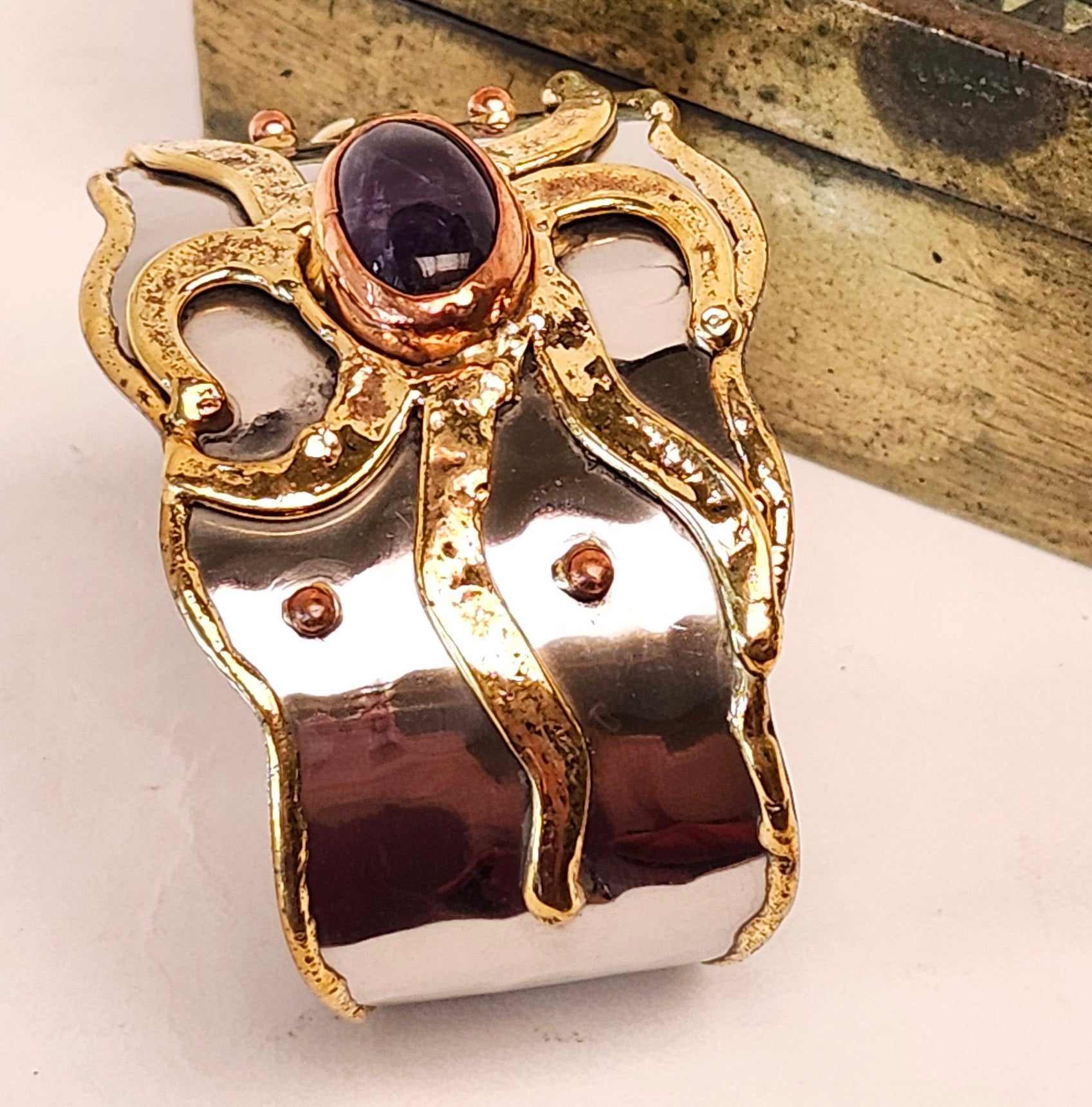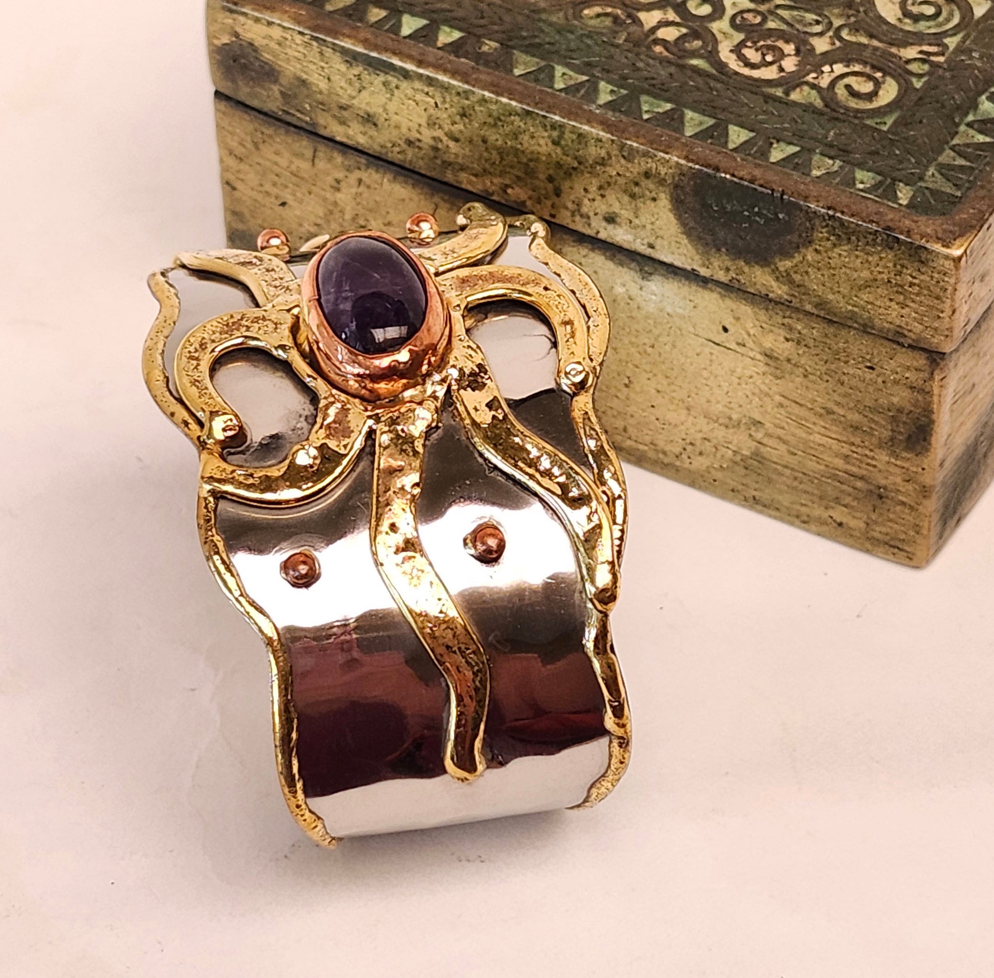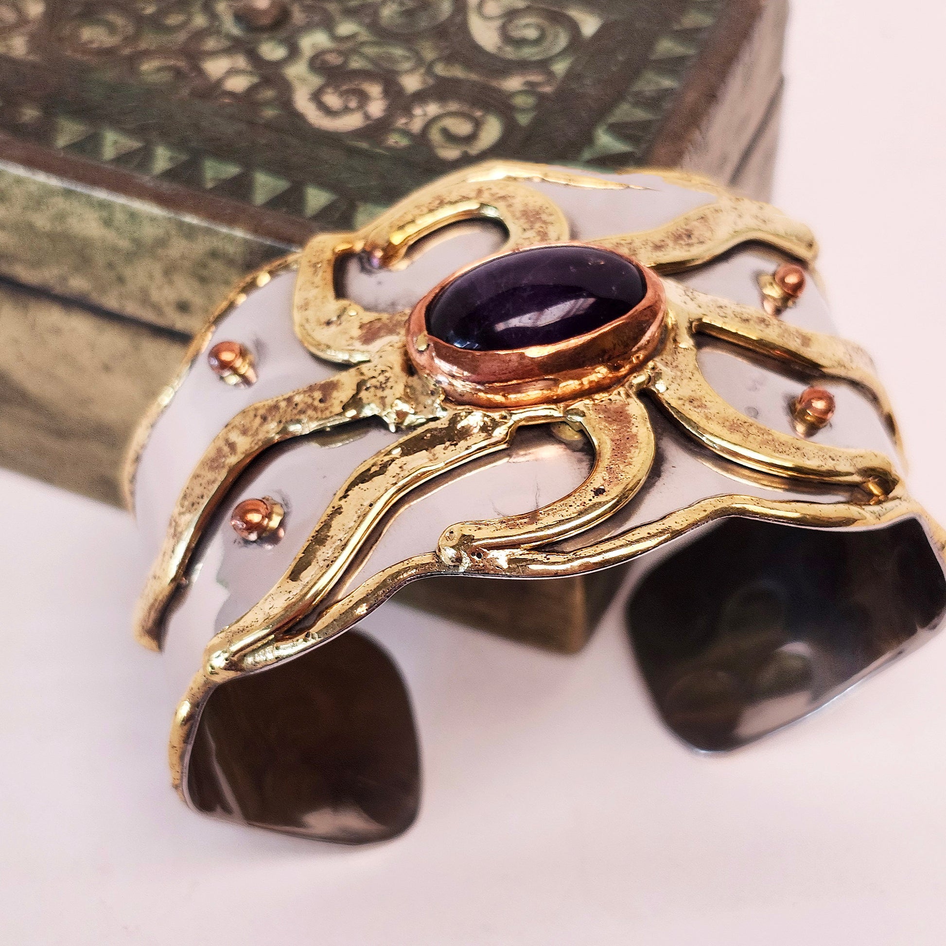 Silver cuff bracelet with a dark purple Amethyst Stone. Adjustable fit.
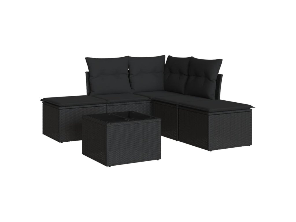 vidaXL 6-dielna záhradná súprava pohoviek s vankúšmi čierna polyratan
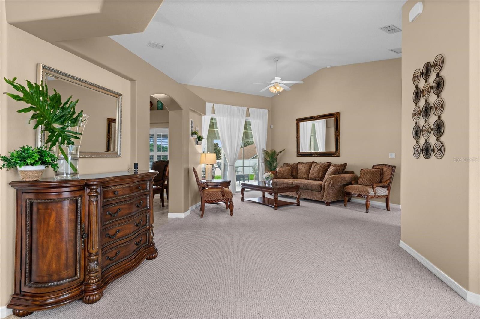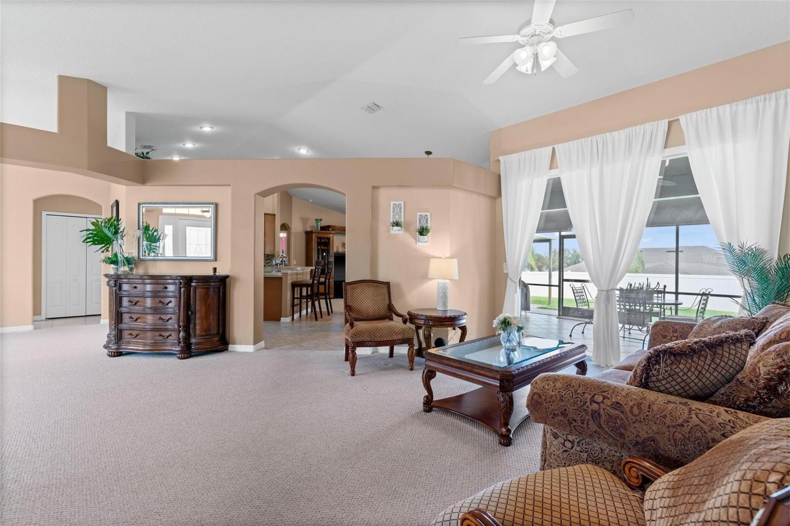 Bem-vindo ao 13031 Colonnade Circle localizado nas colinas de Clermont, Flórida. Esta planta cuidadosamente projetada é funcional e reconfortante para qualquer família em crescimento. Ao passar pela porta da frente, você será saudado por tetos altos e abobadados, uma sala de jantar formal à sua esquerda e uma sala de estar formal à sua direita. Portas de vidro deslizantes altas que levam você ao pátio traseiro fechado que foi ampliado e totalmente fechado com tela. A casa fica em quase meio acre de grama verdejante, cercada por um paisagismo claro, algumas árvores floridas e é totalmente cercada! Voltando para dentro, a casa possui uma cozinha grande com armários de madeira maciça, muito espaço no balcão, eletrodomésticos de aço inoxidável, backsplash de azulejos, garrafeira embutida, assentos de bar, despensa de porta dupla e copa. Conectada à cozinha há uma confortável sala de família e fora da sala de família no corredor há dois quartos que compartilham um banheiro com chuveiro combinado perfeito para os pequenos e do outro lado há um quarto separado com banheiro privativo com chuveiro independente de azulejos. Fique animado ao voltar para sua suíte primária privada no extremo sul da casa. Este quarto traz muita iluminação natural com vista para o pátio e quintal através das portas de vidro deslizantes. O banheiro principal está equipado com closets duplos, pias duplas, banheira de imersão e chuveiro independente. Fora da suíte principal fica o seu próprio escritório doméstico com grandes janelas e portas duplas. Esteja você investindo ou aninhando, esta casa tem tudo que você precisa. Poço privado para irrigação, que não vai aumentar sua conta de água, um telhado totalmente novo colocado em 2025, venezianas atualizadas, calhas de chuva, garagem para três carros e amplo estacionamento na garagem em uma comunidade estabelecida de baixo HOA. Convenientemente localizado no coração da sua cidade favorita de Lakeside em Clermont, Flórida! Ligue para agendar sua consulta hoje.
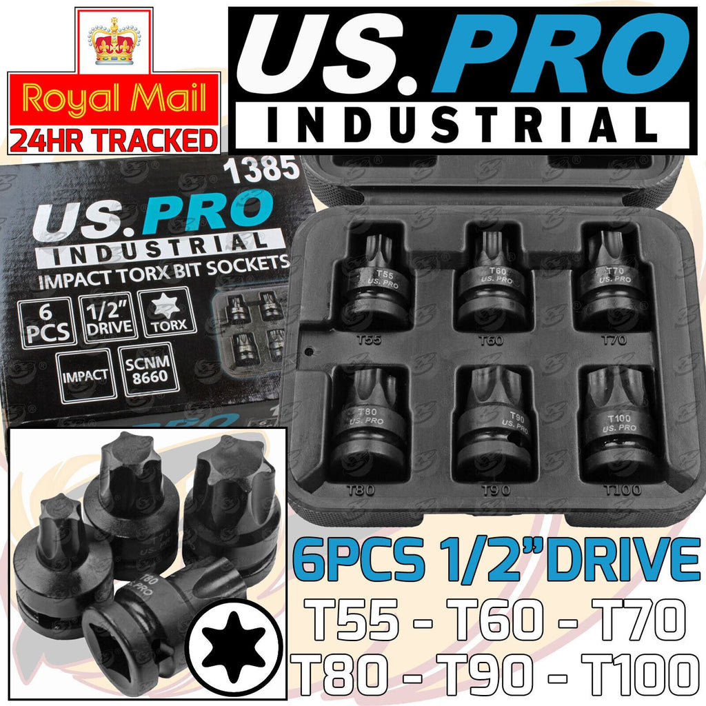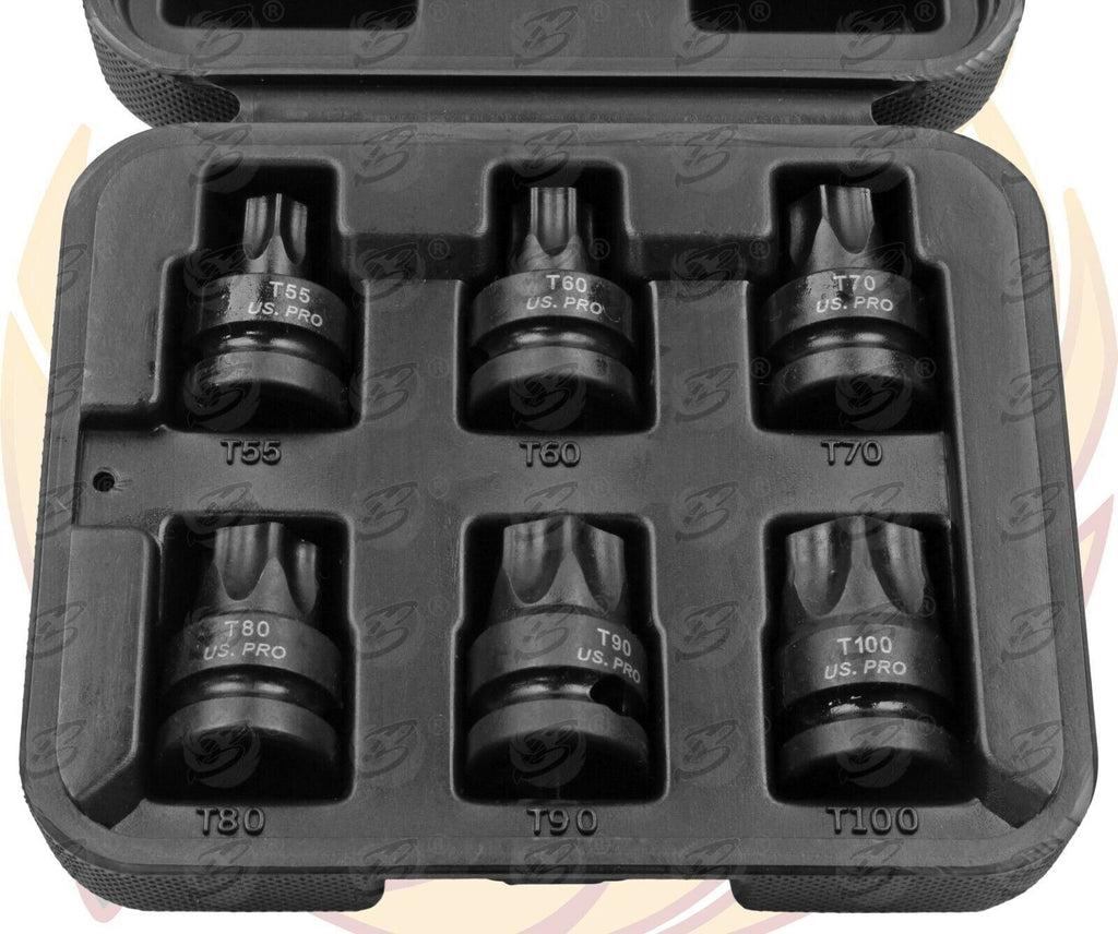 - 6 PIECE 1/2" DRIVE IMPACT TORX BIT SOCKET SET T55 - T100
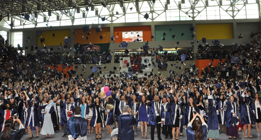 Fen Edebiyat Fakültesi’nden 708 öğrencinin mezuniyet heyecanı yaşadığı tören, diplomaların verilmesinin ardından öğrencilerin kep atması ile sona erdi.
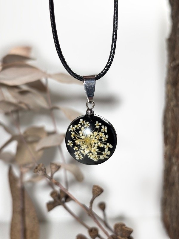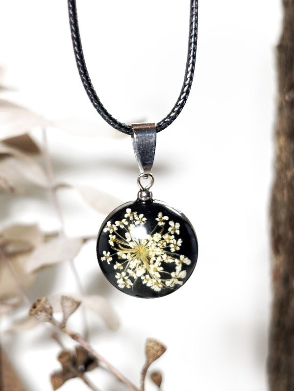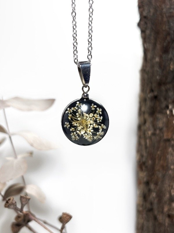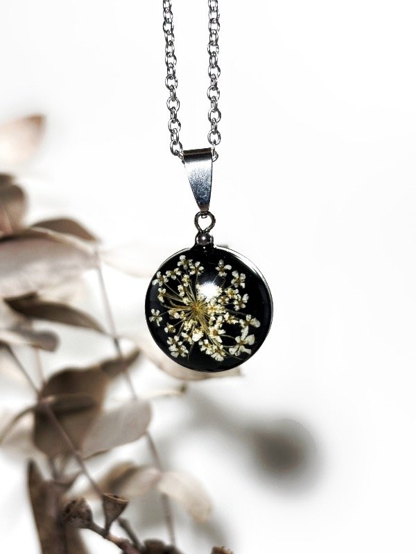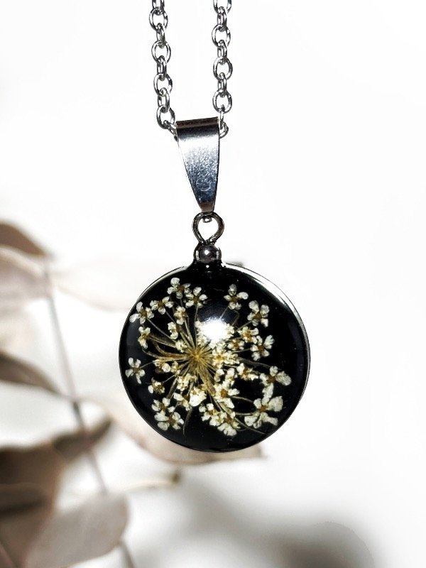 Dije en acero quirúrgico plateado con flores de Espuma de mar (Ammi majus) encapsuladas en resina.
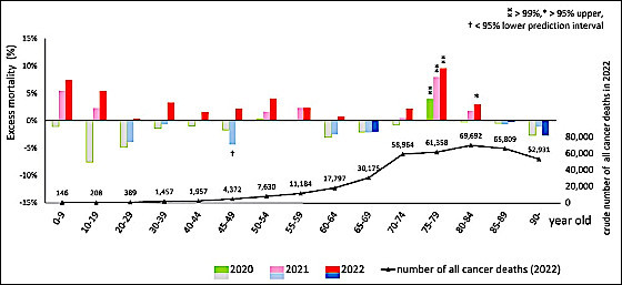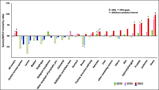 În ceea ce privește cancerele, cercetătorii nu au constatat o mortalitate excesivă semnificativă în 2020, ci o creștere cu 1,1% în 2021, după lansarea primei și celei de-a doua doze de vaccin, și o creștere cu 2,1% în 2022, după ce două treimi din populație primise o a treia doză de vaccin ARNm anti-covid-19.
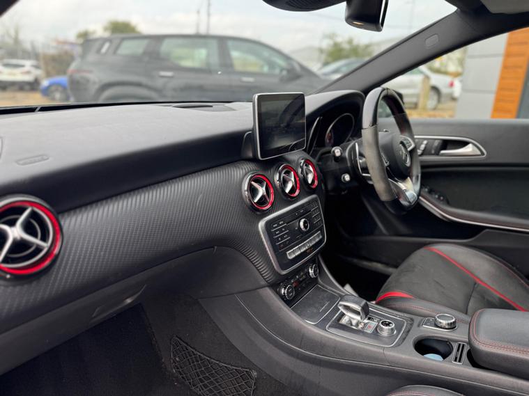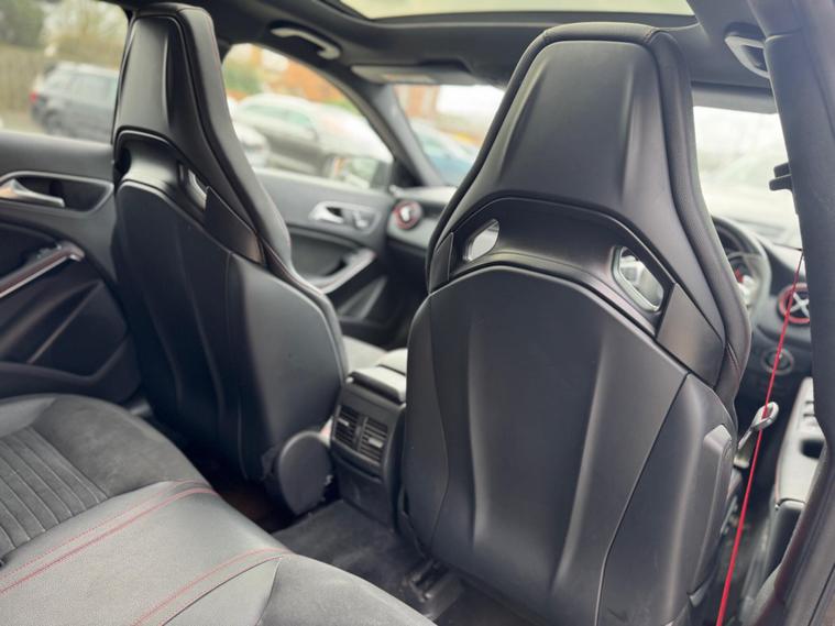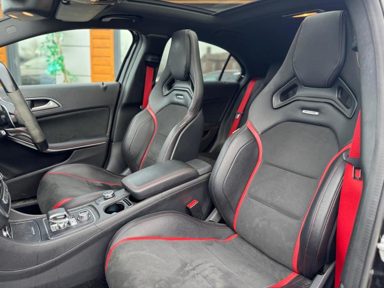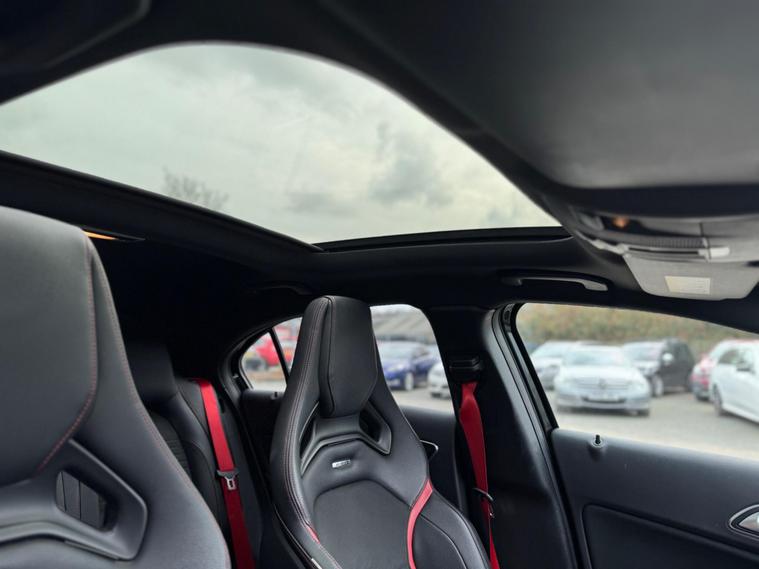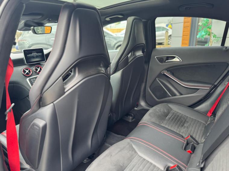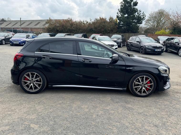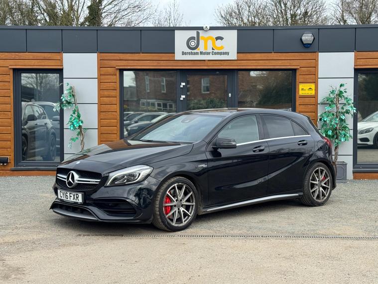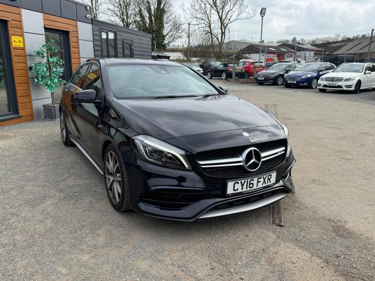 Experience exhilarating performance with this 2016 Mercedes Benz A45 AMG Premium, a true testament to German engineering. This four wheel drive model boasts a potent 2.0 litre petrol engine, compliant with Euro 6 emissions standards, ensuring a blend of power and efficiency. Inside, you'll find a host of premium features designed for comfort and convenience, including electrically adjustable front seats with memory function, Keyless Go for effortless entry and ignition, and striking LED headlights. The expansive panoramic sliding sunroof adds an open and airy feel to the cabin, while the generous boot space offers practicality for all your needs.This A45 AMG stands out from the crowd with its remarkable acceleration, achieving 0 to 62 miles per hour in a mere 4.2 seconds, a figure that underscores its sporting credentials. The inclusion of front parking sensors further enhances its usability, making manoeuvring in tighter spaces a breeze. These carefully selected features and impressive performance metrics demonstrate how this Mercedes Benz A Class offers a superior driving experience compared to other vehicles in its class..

WHAT IS REQUIRED:
In the data above, find the line with "Fen Edebiyat Fakültesi’nden" and the line with "Dije en acero". Please copy exactly those two lines and every line between them, but not the pictures.

REPLY TO THE EXERCISE:
 Fen Edebiyat Fakültesi’nden 708 öğrencinin mezuniyet heyecanı yaşadığı tören, diplomaların verilmesinin ardından öğrencilerin kep atması ile sona erdi.
 Dije en acero quirúrgico plateado con flores de Espuma de mar (Ammi majus) encapsuladas en resina.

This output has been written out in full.